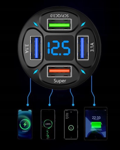 Idealny dla rodziny w podróży, która wymaga wielu ładowarek do telefonu komórkowego, MP3, GPS, aparatu itp.
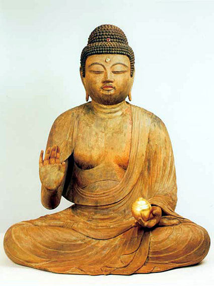 ◇湖南・守山市 守山市吉身の慈眼寺薬師堂に安置される木造薬師如来坐像(写真)がこのほど二年にわたる修理を終え、県立安土城考古博物館で開催中の特別陳列「水の浄土・琵琶湖―琵琶湖文化館の収蔵品を中心に―」において、来年一月に特別公開する。 薬師如来坐像は平安時代の作として同市の指定文化財となっているが、長年の安置により損傷を受け、平成十八年度から修理が行われてきた。その結果、これまでに少なくとも三回の修理を経てきたほか、表面の漆箔を除去したところ、造像当初のままの彩色が鮮やかな形で残されていたことが分かった。
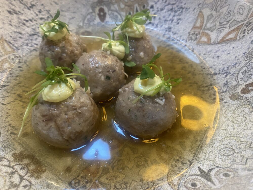 Ancora, i canederli di fegati in brodo con erba cipollina, secondo la ricetta dell’Orso, e gli immancabili “Cjalsons” con mele, patate, e un mix di erbe e spezie segreto e variazioni di stagione, con ricotta affumicata di malga e brodo di mele, davvero magistrali.
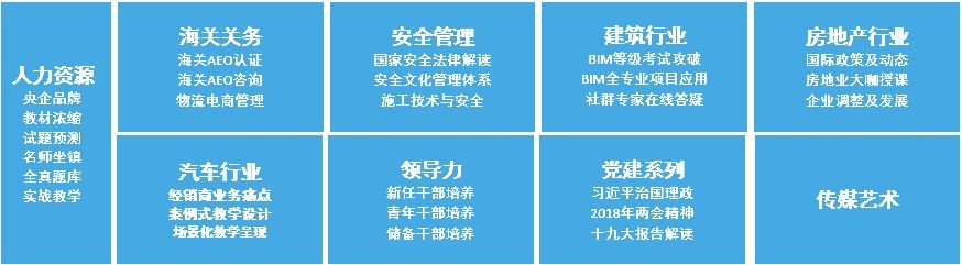 ??? 中智大學(xué)發(fā)揮資源優(yōu)勢(shì)與多年的行業(yè)經(jīng)驗(yàn),在黨建、領(lǐng)導(dǎo)力、人力資源、海關(guān)關(guān)務(wù)、安全管理、傳媒藝術(shù)、建筑行業(yè)、房地產(chǎn)行業(yè)、汽車行業(yè)等領(lǐng)域開發(fā)出了系列爆款產(chǎn)品,打造全場(chǎng)景覆蓋,混合型學(xué)習(xí)和管理,行業(yè)級(jí)培訓(xùn)解決方案。
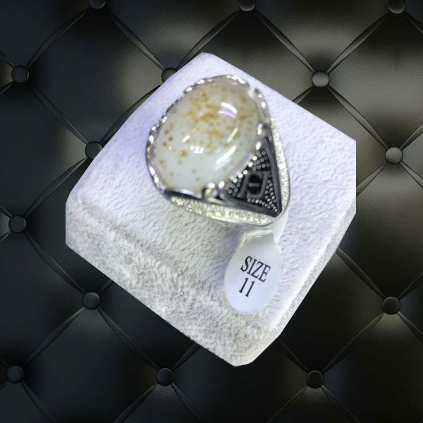 Italian Hand Made Silver Rings, Decorated with Big Natural Stone & Elegant Side Designs, 12 & 11 Size, for Men
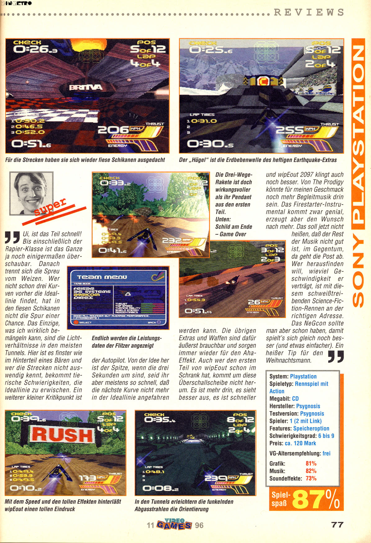 Ich fands damals saugut, den OST hör ich heute noch ab und an. Besser fand ich dann allerdings noch Extreme-G auf dem N64, das ich immer ohne Waffen rein auf Geschwindigkeit gespielt habe. Das war von der Steuerung einfach noch smoother. Gealtert sind meiner Ansicht nach beide Spiele sehr schlecht.
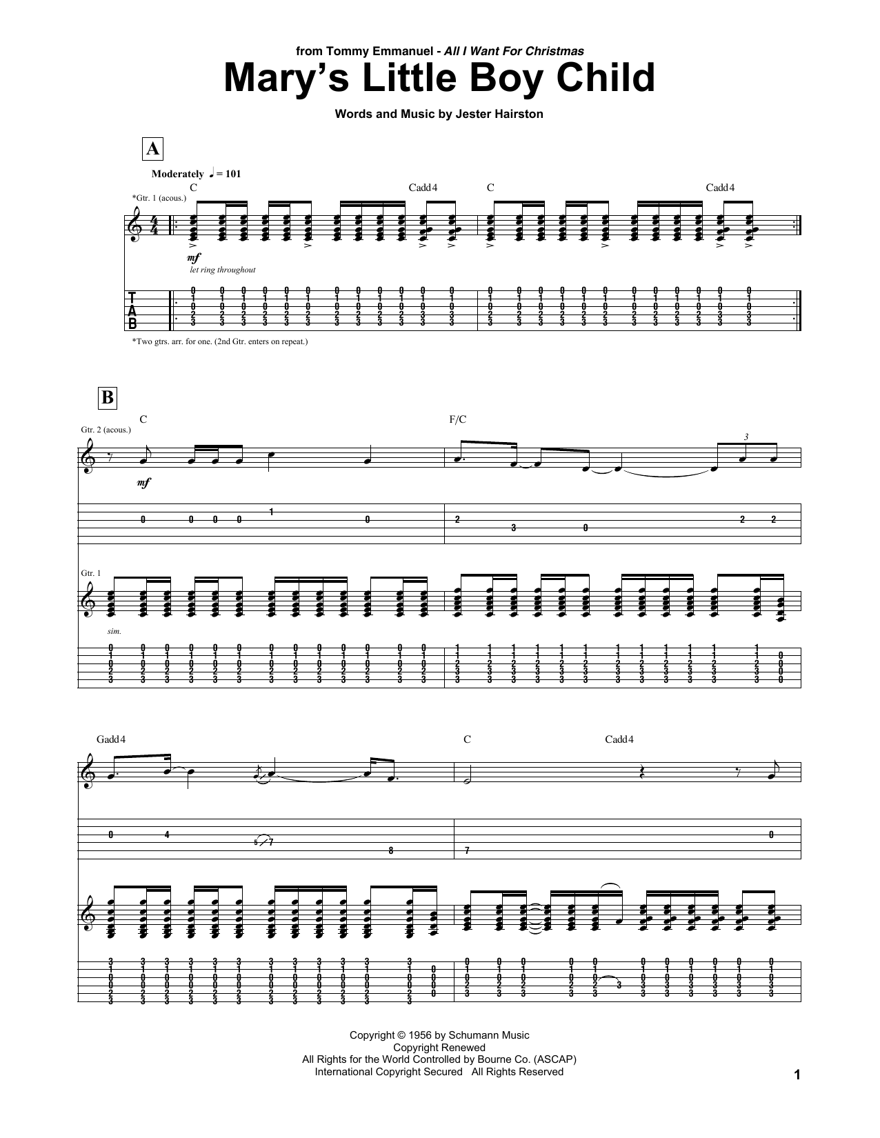 Download or print Tommy Emmanuel Mary's Little Boy Child sheet music, chords and digital score arranged for Guitar Tab. This Christmas score includes 12 page(s).
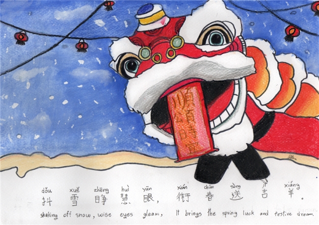 英国柳树学院的诺金汉姆小学&格里斯伯勒小学简单地相互介绍后,主持人张帅主任把镜头转向英国柳树学院的诺金汉姆小学和格里斯伯勒小学。虽然面临文化隔阂,两校的孩子们还是抓住了舞狮与舞龙的精髓,画作天马行空,跃屏而出。在本·帕金老师的带领下,诺金汉姆小学的孩子们不仅用英语朗读了绘本,而且在拼音的帮助下尝试用中文朗读,趣味盎然!
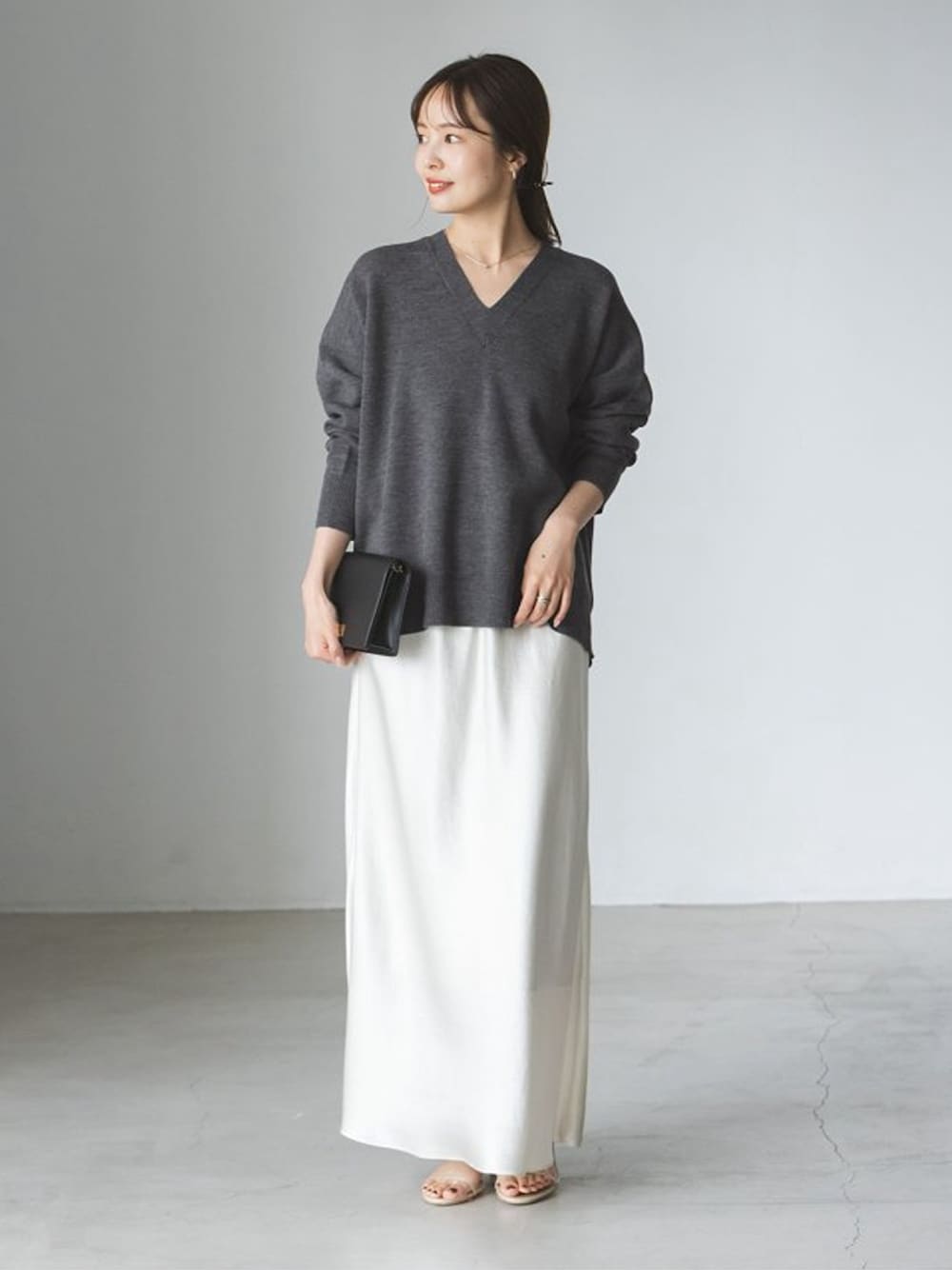 シンプルなVネックニットに艶やかなサテンスカートを合わせて、大人フェミニンな着こなしに。 トップスの裾はあえてアウトにすることで、程よいリラックス感を演出。 足元はヌーディなバーサンダルで抜けを作ると、すっきりとバランス良くまとまります。 ----------------------------------- minami.a ○身長:155cm ○年齢:20代 ○体型:細身(もも周りが気になる) ○普段サイズ:34 公式Instagramも是非ご覧ください!! →@nb_aruga -----------------------------------
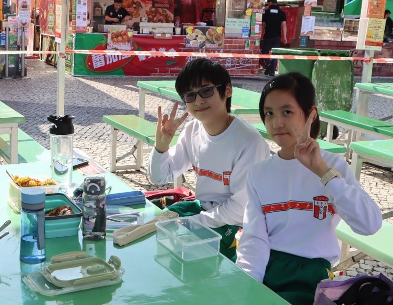 环境保护局于澳门美食节现场举办「环境保护局吉祥物与您畅游美食节」活动,组织了绿色学校圣若瑟教区中学第三校近三十位师生参与,共同实践减少使用一次性餐具、资源垃圾分类回收、厨余回收、惜食等“源头减废”行为。
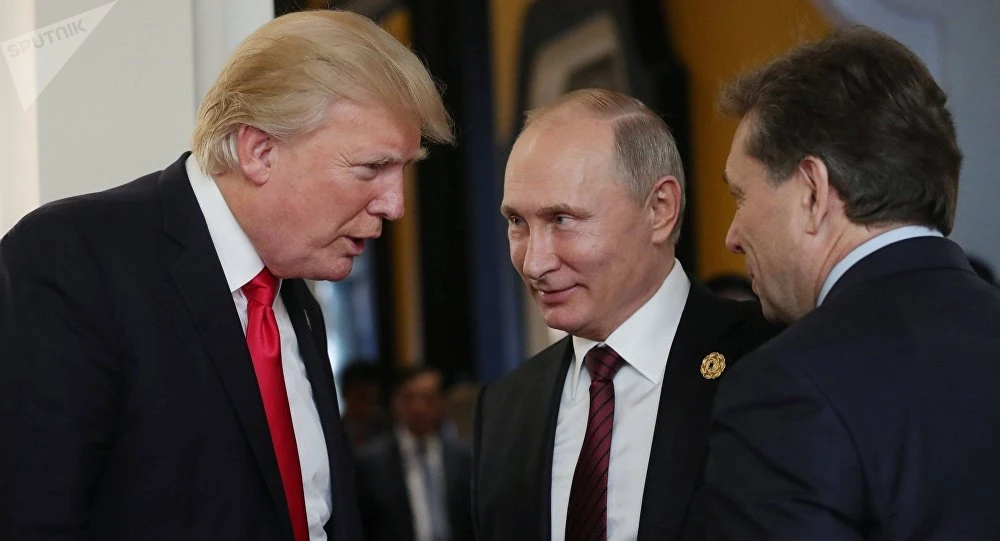 Tổng thống Trump (trái) và người đồng cấp Nga Putin tại APEC 2017. Ảnh: SPUTNIK
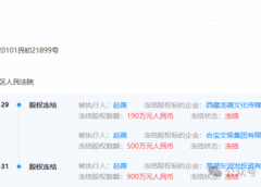 赵薇名下股权再遭到冻结。 企查查显示,近日,赵薇所持有的西藏龙薇文化传媒有限公司、合宝文娱集团有限公司、芜湖东润发投资有限责任公司股权被冻结,冻结股权数额分别为190万元人民币、5…

------------------------------

[TASK OBJECTIVE] Set down the entries word for word, omitting all pictures.

[TASK RESPONSE]
 Idealny dla rodziny w podróży, która wymaga wielu ładowarek do telefonu komórkowego, MP3, GPS, aparatu itp.
 ◇湖南・守山市 守山市吉身の慈眼寺薬師堂に安置される木造薬師如来坐像(写真)がこのほど二年にわたる修理を終え、県立安土城考古博物館で開催中の特別陳列「水の浄土・琵琶湖―琵琶湖文化館の収蔵品を中心に―」において、来年一月に特別公開する。 薬師如来坐像は平安時代の作として同市の指定文化財となっているが、長年の安置により損傷を受け、平成十八年度から修理が行われてきた。その結果、これまでに少なくとも三回の修理を経てきたほか、表面の漆箔を除去したところ、造像当初のままの彩色が鮮やかな形で残されていたことが分かった。
 Ancora, i canederli di fegati in brodo con erba cipollina, secondo la ricetta dell’Orso, e gli immancabili “Cjalsons” con mele, patate, e un mix di erbe e spezie segreto e variazioni di stagione, con ricotta affumicata di malga e brodo di mele, davvero magistrali.
 ??? 中智大學(xué)發(fā)揮資源優(yōu)勢(shì)與多年的行業(yè)經(jīng)驗(yàn),在黨建、領(lǐng)導(dǎo)力、人力資源、海關(guān)關(guān)務(wù)、安全管理、傳媒藝術(shù)、建筑行業(yè)、房地產(chǎn)行業(yè)、汽車行業(yè)等領(lǐng)域開發(fā)出了系列爆款產(chǎn)品,打造全場(chǎng)景覆蓋,混合型學(xué)習(xí)和管理,行業(yè)級(jí)培訓(xùn)解決方案。
 Italian Hand Made Silver Rings, Decorated with Big Natural Stone & Elegant Side Designs, 12 & 11 Size, for Men
 Ich fands damals saugut, den OST hör ich heute noch ab und an. Besser fand ich dann allerdings noch Extreme-G auf dem N64, das ich immer ohne Waffen rein auf Geschwindigkeit gespielt habe. Das war von der Steuerung einfach noch smoother. Gealtert sind meiner Ansicht nach beide Spiele sehr schlecht.
 Download or print Tommy Emmanuel Mary's Little Boy Child sheet music, chords and digital score arranged for Guitar Tab. This Christmas score includes 12 page(s).
 英国柳树学院的诺金汉姆小学&格里斯伯勒小学简单地相互介绍后,主持人张帅主任把镜头转向英国柳树学院的诺金汉姆小学和格里斯伯勒小学。虽然面临文化隔阂,两校的孩子们还是抓住了舞狮与舞龙的精髓,画作天马行空,跃屏而出。在本·帕金老师的带领下,诺金汉姆小学的孩子们不仅用英语朗读了绘本,而且在拼音的帮助下尝试用中文朗读,趣味盎然!
 シンプルなVネックニットに艶やかなサテンスカートを合わせて、大人フェミニンな着こなしに。 トップスの裾はあえてアウトにすることで、程よいリラックス感を演出。 足元はヌーディなバーサンダルで抜けを作ると、すっきりとバランス良くまとまります。 ----------------------------------- minami.a ○身長:155cm ○年齢:20代 ○体型:細身(もも周りが気になる) ○普段サイズ:34 公式Instagramも是非ご覧ください!! →@nb_aruga -----------------------------------
 环境保护局于澳门美食节现场举办「环境保护局吉祥物与您畅游美食节」活动,组织了绿色学校圣若瑟教区中学第三校近三十位师生参与,共同实践减少使用一次性餐具、资源垃圾分类回收、厨余回收、惜食等“源头减废”行为。
 Tổng thống Trump (trái) và người đồng cấp Nga Putin tại APEC 2017. Ảnh: SPUTNIK
 赵薇名下股权再遭到冻结。 企查查显示,近日,赵薇所持有的西藏龙薇文化传媒有限公司、合宝文娱集团有限公司、芜湖东润发投资有限责任公司股权被冻结,冻结股权数额分别为190万元人民币、5…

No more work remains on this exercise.